Auxiliary Bishop celebrates Mass on campus

Photo by Xidan Zhang/ xidan.zhang@mu.edu

Photo by Xidan Zhang/ xidan.zhang@mu.edu

Milwaukee Auxiliary Bishop Donald Hying reflected on challenges in the Catholic Church, youth involvement in it and prayer through scripture Tuesday night in a visit to Marquette’s campus.

Hying’s visit, his second in as many years, also included a celebration of Mass in the St. Joan of Arc Chapel. It was sponsored by the St. Robert Bellarmine Society, a Catholic group on campus with a specific focus on devotion to the Blessed Virgin Mary.

Hying discussed some of the challenges the Church is facing today, both internally and societally.

“We’re living through an amazing period in history and the Church,” he said.

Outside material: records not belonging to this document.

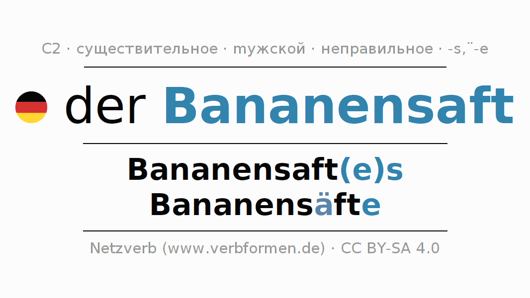 - Множественное число: die Bananensäfte, der Bananensäfte, den Bananensäften, die Bananensäfte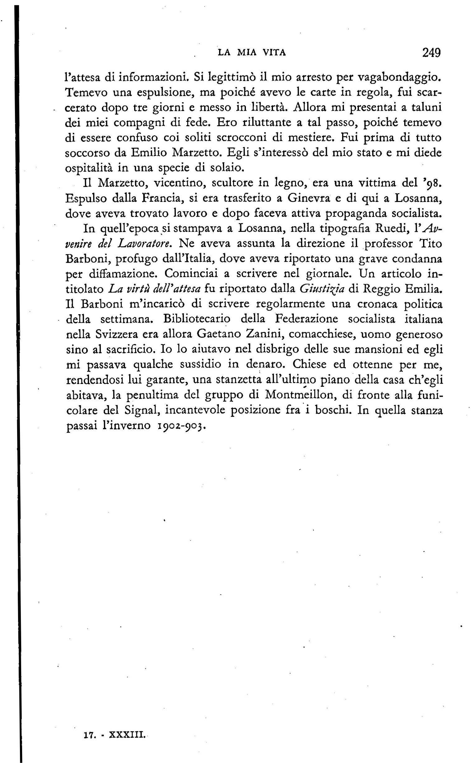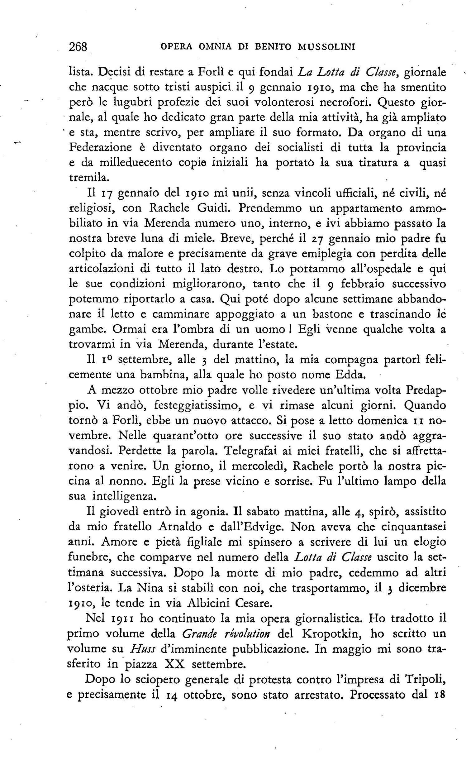 L'a utobiografia venne stesa su un piccolo qua~erno, il quale passò poi per le man i di Arturo Rossato e di Margher ita Sarfatti, che se ne servirono pu le foro biografie d i Mussolini. Ritrovato, fu pubblicato nel 1947 per i tipi dell'Editrice « Faro» di Roma.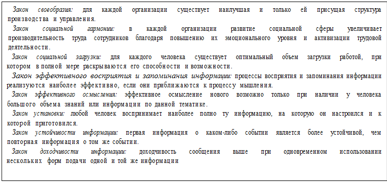 2) законы организации (устойчивые, проявляющиеся постоянно и необходимо связи и отношения, фиксируемые в виде общепринятых утверждений).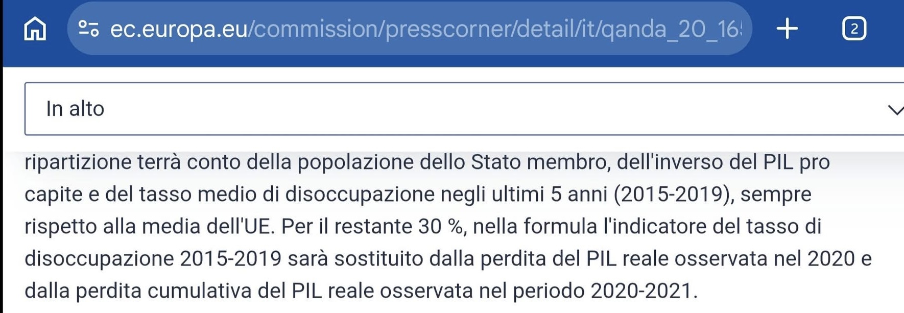 La quota teoricamente spettante a ciascun Paese membro era infatti calcolata sulla base di parametri oggettivi: popolazione, PIL pro capite relativo, condizioni del mercato del lavoro e, nella fase successiva, impatto economico della pandemia, misurato attraverso la caduta del PIL nel 2020 e nel biennio seguente. In sostanza, il peso della quota italiana non fu scritto dal carisma del premier di turno, ma da una formula tecnica già codificata nei regolamenti europei. Per chi volesse trovare i riscontri a questi dati alleghiamo il .pdf completo della norma recovery-and-resilience-facility-fax-ita.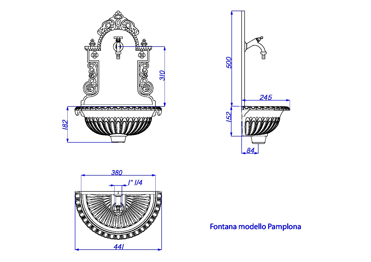 Fontana a muro Pamplona senza rubinetto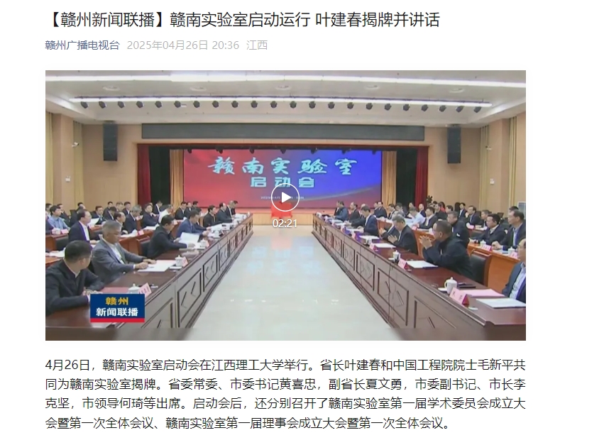 4月26日,赣南实验室启动会在奈飞工厂 举行。省长叶建春和中国工程院院士毛新平共同为赣南实验室揭牌。省委常委、市委书记黄喜忠,副省长夏文勇,市委副书记、市长李克坚,市领导何琦等出席。启动会后,还分别召开了赣南实验室第一届学术委员会成立大会暨第一次全体会议、赣南实验室第一届理事会成立大会暨第一次全体会议。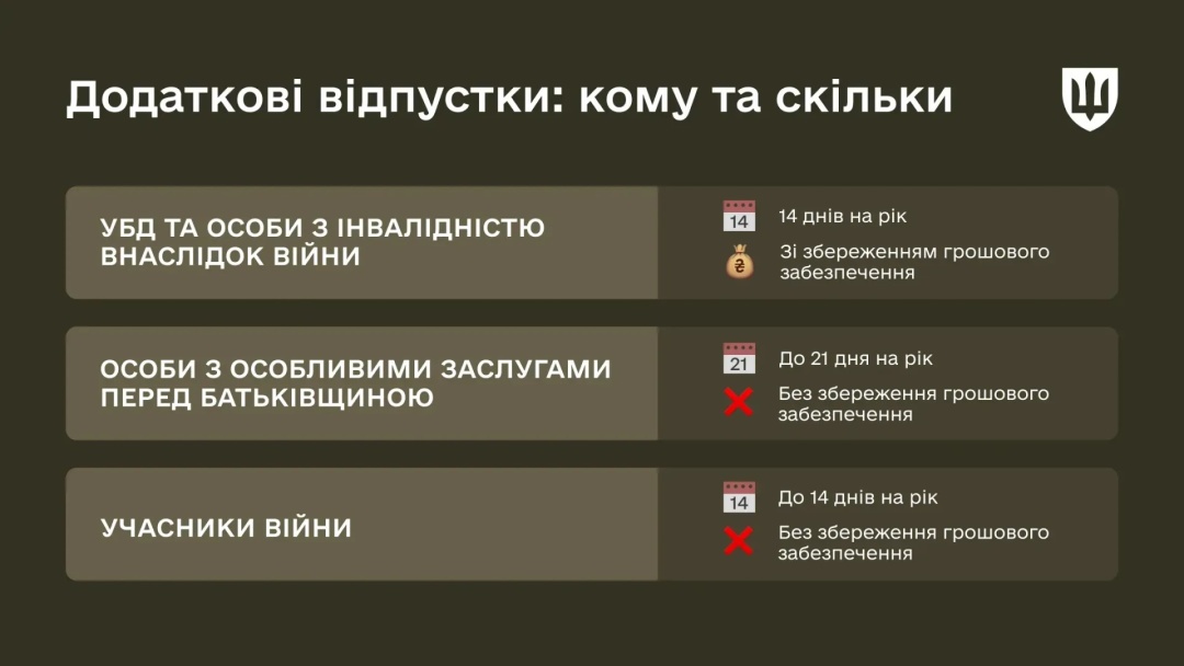 Учасники війни мають право до 2 тижнів додаткової відпустки на рік. Така відпустка також надається без збереження грошового забезпечення.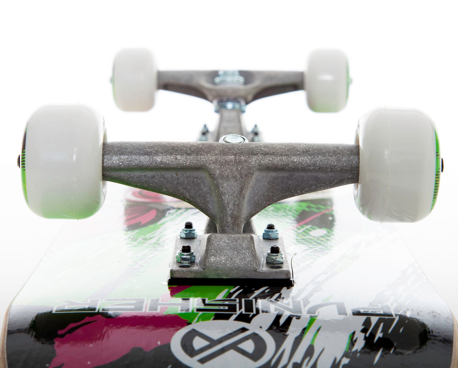 Matches Punisher Jinx helmet. Features 9-ply maple double kick concave deck, ABEC-5 bearings, 5" v-style alloy trucks & base, 50x30 mm PU injection molded wheels, and PE riser pad with PU cushion. Measures 31"L x 7.5"W.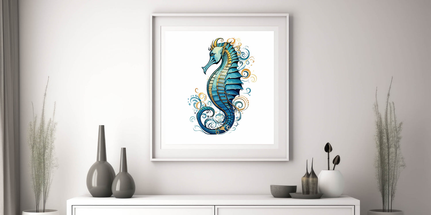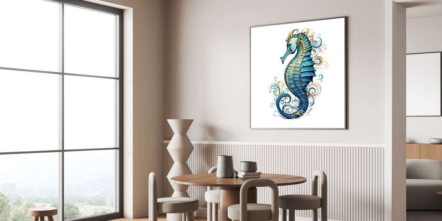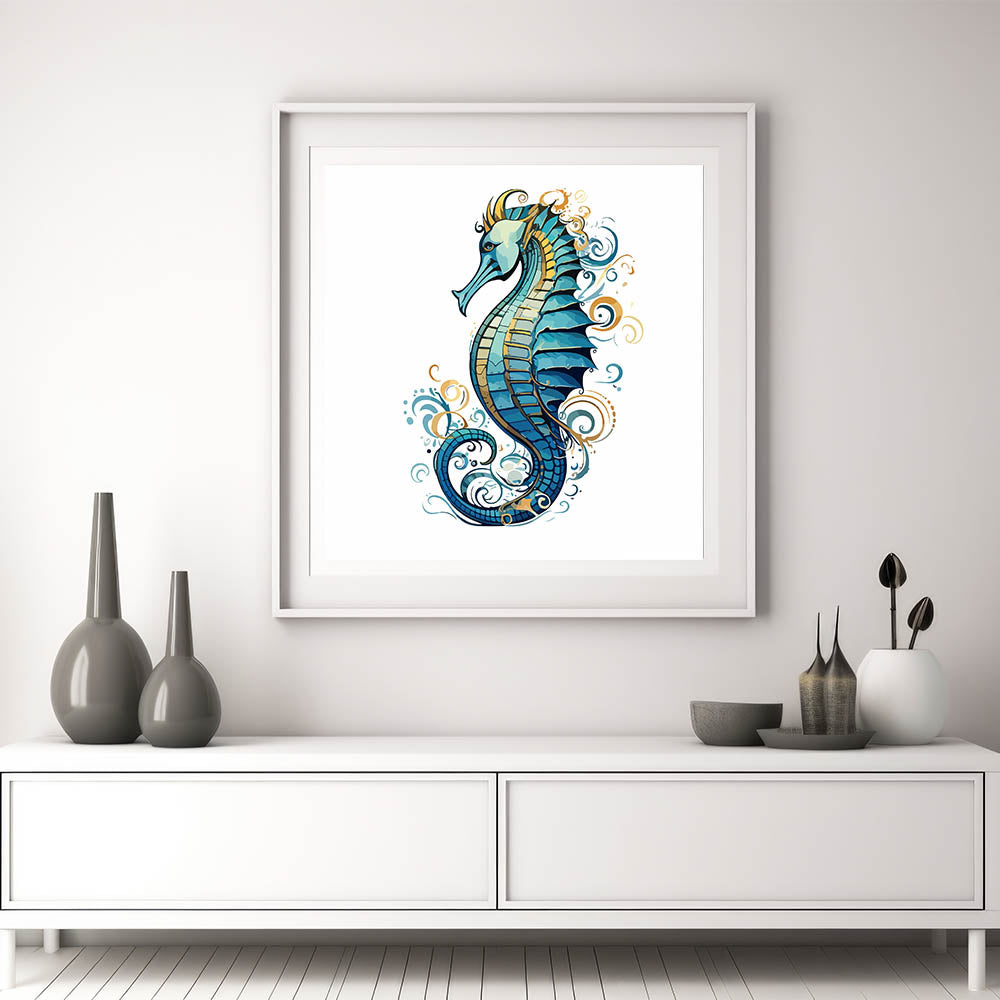 Bring the serene beauty of the ocean into your home with this elegant seahorse wall art. Perfect for marine life enthusiasts, this artwork captures the intricate details and graceful form of the seahorse, a symbol of patience and contentment. The vibrant blues and sandy hues create a stunning contrast, making it an eye-catching piece for any room.

He also pointed out the importance of young people getting involved in religion, especially college students.

“It’s when you’re in college that you set your moral compass for the rest of your life,” he said.

Hying’s talk, however, focused on the prayer style Lectio Divinia, in which an individual tries to connect with Biblical scriptures in order to discern God’s presence in the Word. The prayer style is believed to be a personal favorite of Pope Emeritus Benedict XVI.

Hying said Lectio Divinia was important to the monasticism movement, which became popular as a different way to live the Christian faith.

“(In monasticism) Scripture is the guide for life,” Hying said.

The student reaction to meeting Hying was positive.

“It was awesome how personal he was with us,” said Katie Lane Frei, a freshman in the College of Health Sciences.

Hying also visited campus last year, to positive feedback from the students who attended. According to Michael Szatkowski, a junior in the College of Arts & Sciences and secretary for the St. Robert Bellarmine Society, it was one of the group’s highest-attended events, with about 30 people attending both the Mass and talk.

“We knew we would love to have him come back and talk again,” Szatkowski said.

Shannon Webster, a junior in the College of Communication and president of the St. Robert Bellarmine Society, agreed.

“There’s a need for Catholic spirituality on campus,” Webster said.